Destination: Forbidden City, China



Getting to the Forbidden City is fairly straight forward if you use the public transit system. Tian'anmen square is right as you exit at either the east or west stop on Line 1 of the Beijing subway system. One thing you have to keep in mind is that China is big, population wise. Many people come to visit not only Tian'anmen, but also the Forbidden City and surrounding areas. Most of them are not tourists from other countries.

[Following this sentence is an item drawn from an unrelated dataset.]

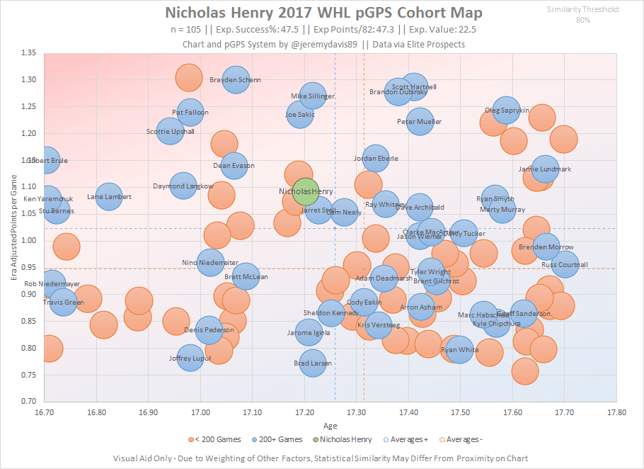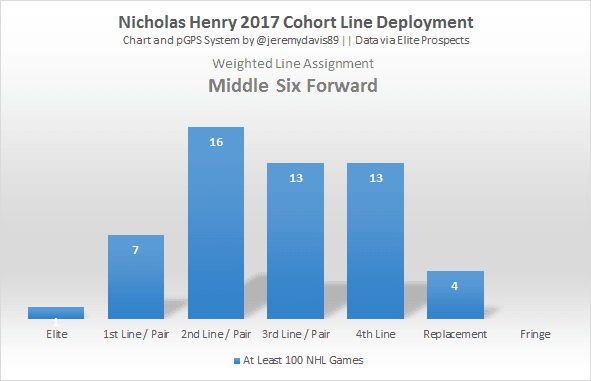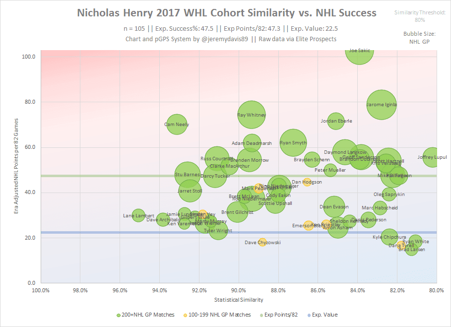 The prospect Graduation Probabilities System (pGPS) shines a very favourable light on Henry, who carries an expected success percentage of 47.5%, and his expected production is 47.3 points per season, indicating a player who’s value is roughly comparable to that of a mid-to-late first-round pick. Henry’s closest successful cohorts include Jordan Eberle, Cam Neely, Ray Whitney, and Jarret Stoll.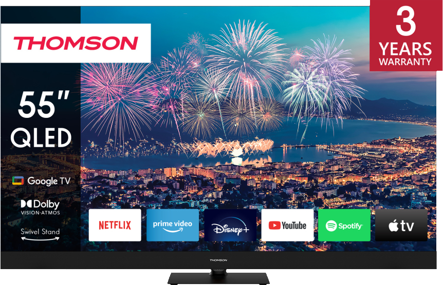 Nauti suosikkiviihteestäsi upeassa 4K UHD -laadussa Thomson QLED Plus UHD Google TV:n avulla.

People are not very used to westerners in many cases, I was approached no less than 4 times, and I've heard many stories of getting swarmed by those wanted to take photos. In my case there were no requests for photos, but lots of people trying to practice their English with me. I even sat down for tea with an English teacher, and it was facinating to get to talk to a local person, even if it was a little odd and uncomfortable for an introvert like myself at times.

 

Tian'anmen Square

Tian'anmen Square

Tian'anmen square and the Forbidden City are connected through an underground tunnel. Getting into either area requires passing through security. This is where I warn you that almost every place you go requires passing through security in China. Even getting into the subway requires an x-ray scan of your belongings, and a quick trip through a metal detector. My last minute decision to carry a small shoulder bag with me was a great choice. This made clearing security quick and painless as my stuff was in the bag and through the scanner while I had removed all metal from myself in advance of entering.  

Tian'anmen and Forbidden City complex requires not only security screening, but also an ID. Beijing is a city you visit with your passport on you. I'm very used to placing my passport in a safe in the hotel as soon as I arrive and not taking it out until I'm ready to fly out. Personally, carrying around my passport is not the most safe thing I think I could do. I even like to minimize the credit cards I carry on me at any time. If I know a place fairly well, I'll break from the habit and bring my wallet with me, but the passport always stays in the safe. This was a mistake in China, while I was allowed through the security checkpoint with my drivers license, I would advise against this, and I would not do it again. Many attractions require ID and it is prudent to carry your passport in Beijing. 

Entering into the side gardens of the Forbidden City actually launch you from the busy lines around Chairman Mao and those continuing into the main area of the city, into the peaceful surrounding areas. I highly suggest entering through the side gardens if you can figure out where to go, it isn't straight forward. A Chinese art student showed me the way and gave me a quick tour of their art exibit prior to entering. I was able to purchase an art piece from him for a reasonible price that was one of a kind and I knew my fiance would love.

Entering the side gardens of the city shows the amazing architecture of the period in which everything was built. Cypress gardens are the first thing you walk through and many attractions have seperate english versions of the informational signs around the area. There is even a special cypress tree which was the first one planted on the temple grounds, by the emperor at the time

Continuing on to the next area, your first introduction to the city buildings comes up and you are launched back in time. A small waterway shows up and it's very striking how many trees and plants show up not only in the city grounds, but throughout the city of Beijing.

Buildings in Forbidden City

Buildings in Forbidden City

Walking through to the next area shows a large building with a huge courtyard of stone pavers. Outlying buildings surround the courtyard and make a beautiful scene. Due to the low foot traffic in this section of the grounds, it is almost peaceful and a perfect opportunity for wedding photos. During my walkthrough, I saw at least 5 different wedding photographers with brides and grooms taking their photos.

Open square in the Forbidden City

Open square in the Forbidden City

Amazing Chinese Stonework

Amazing Chinese Stonework

On to the next area bring you out at the top of the South East gardens. Greeted by a paved walkway, more cypress trees and a huge moat of sorts. Boarding the other side of the moat, is a huge wall guarding the main part of the city. From here you can exit the gardens and secure area before walking into the main area. I actually chose to walk along the water front and come in from the east side. Interestingly this didn't happen, I made it almost to the east entrance when I was approached by the aforementioned english teacher from Xi'an. She wanted to practice her english on me, and we ended up sitting down to some tea and making new friends.  It was an unexpected encounter, but experiences are what I was in China for, so getting to know someone from the country was a fun experience... though the private karaoke session was a little much for me and I went on my way. 

Walls of the central part of the Forbidden City

Walls of the central part of the Forbidden City

While I didn't finish the central part of the Forbidden City, I will return at some point and continue my tour. Sometimes travel takes you in unexpected directions, but an adventure is always worth a detour or two.